Also can be translated to Disconnect and Exclude — Preceding unsigned comment added by 189.170.239.63 (talk) 07:28, 26 September 2015 (UTC)

Quotes from Hitler

Denying that Hitler knew about the Holocaust, or the full scope of the Holocaust, isn't the same as actually denying it. These quotations implying that Hitler knew should, therefore, probably be deleted, since they don't relate to the specific charge of the deniers--which is that the Holocaust didn't happen, not that Hitler didn't know about it. The latter view is equally crackpot; but it's conceptually distinct. One could believe in gas chambers, the einsatzgruppen, etc while still believing Hitler was (or could have been) "in the dark."

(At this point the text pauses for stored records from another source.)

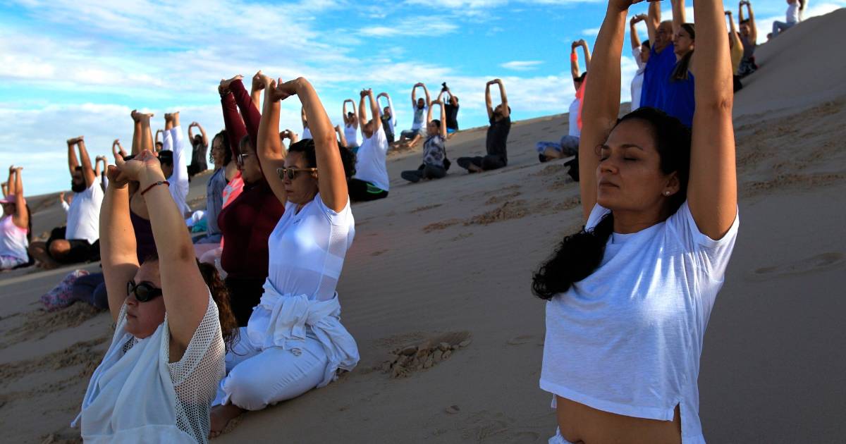 El “Encuentro de yoga en las dunas, unidos desde la distancia”, que se realiza anualmente desde 2015, se canceló el año pasado por la pandemia del coronavirus, pero fue retomado ayer.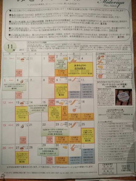 If you prefer to date around with your wines before committing to a whole bottle, Midoriya’s Wine Tasting Nights, held periodically on the weekends, are a dream come true. Mr. Maruyama opens around six bottles of wines with a colourful selection of flavours, which can be purchased by the glass for around 500~700 yen. Customers drink the wine casually while standing around the counter table set into the middle of the store. If you like what you taste, you can consider picking up a bottle on the way out.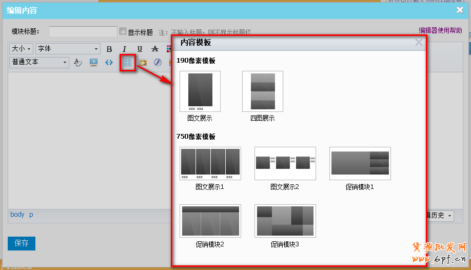 這里僅僅是自定義內(nèi)容區(qū)的編輯樣式,用戶可以直接使用預(yù)設(shè)好像素尺寸的圖片模版來進行商品圖片編輯和促銷模塊編輯。根據(jù)預(yù)先標記了的長寬尺寸,進行圖片制作,再將制作好的圖片插入到具體對應(yīng)的區(qū)域,即可完成單個商品或者整個促銷區(qū)的編輯操作。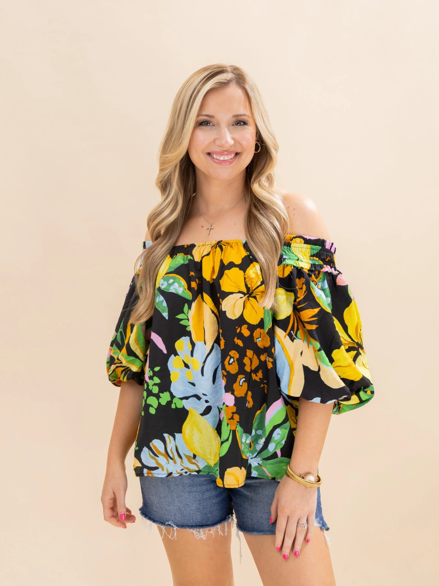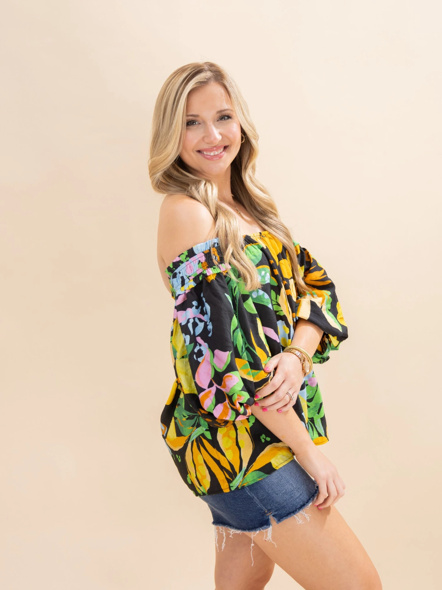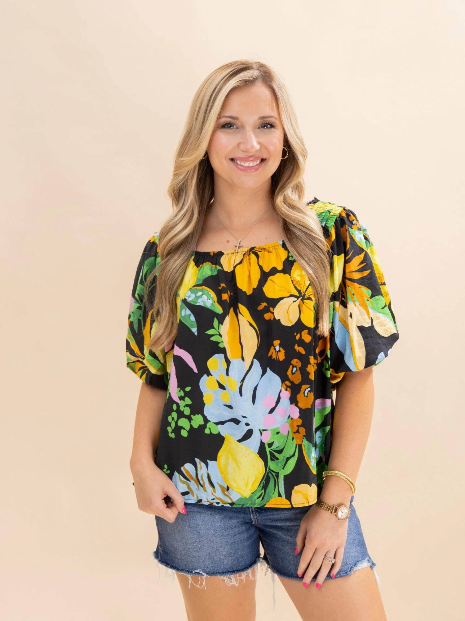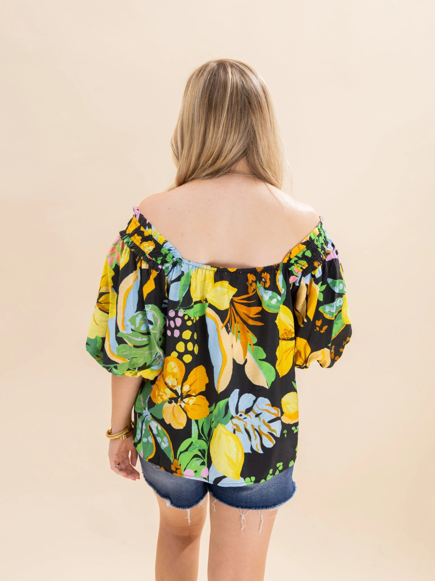 Features: Square Neck, Bubble Sleeves, Tropical Printed Blouse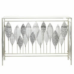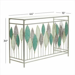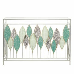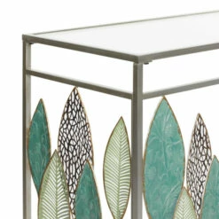 - Features rectangle-shaped table with gold / black / silver and white frame finish and leaves sculpture in shades of green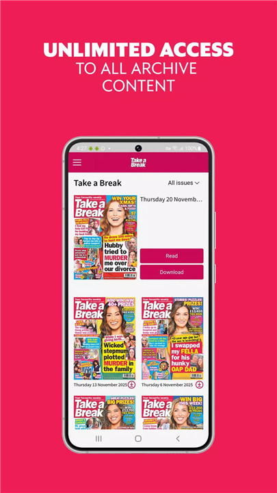 One of the standout features of Take a Break is its captivating real-life stories. Each issue brings fresh stories, filled with raw emotion, humor, and wisdom. With the app, you can access both the latest issues and a full archive of past editions, each one bringing new perspectives and unforgettable stories.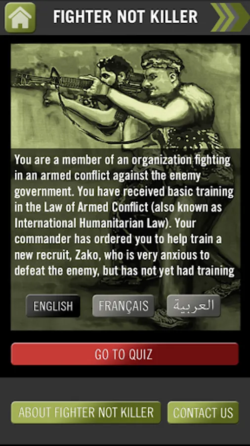 Welcome to FIGHTER NOT KILLER, a quiz that will enable you to test your knowledge of the Laws of Armed Conflict.

Even if all the quotes aren't deleted, a couple should be. The supposed remark Hitler made to Hell is a particularly dubious piece of hearsay; and it was never recorded anywhere until after the war. While genocidal references to the Jews were a commonplace with Hitler, the gory description of hanging at the gallows doesn't sound like him; it sounds like an attempt to sell a book. Hitler's public speeches--esp. the 1939 "prophecy"--are damning enough; there's no reason to use dubious sources.

Note that, while virtually no historians doubt that Hitler knew about the Holocaust, most accept that no order from Hitler exists for the extermination of the Jews. This consensus flies in the face of a couple of the quotations on these page. Steeletrap (talk) 05:32, 18 February 2016 (UTC)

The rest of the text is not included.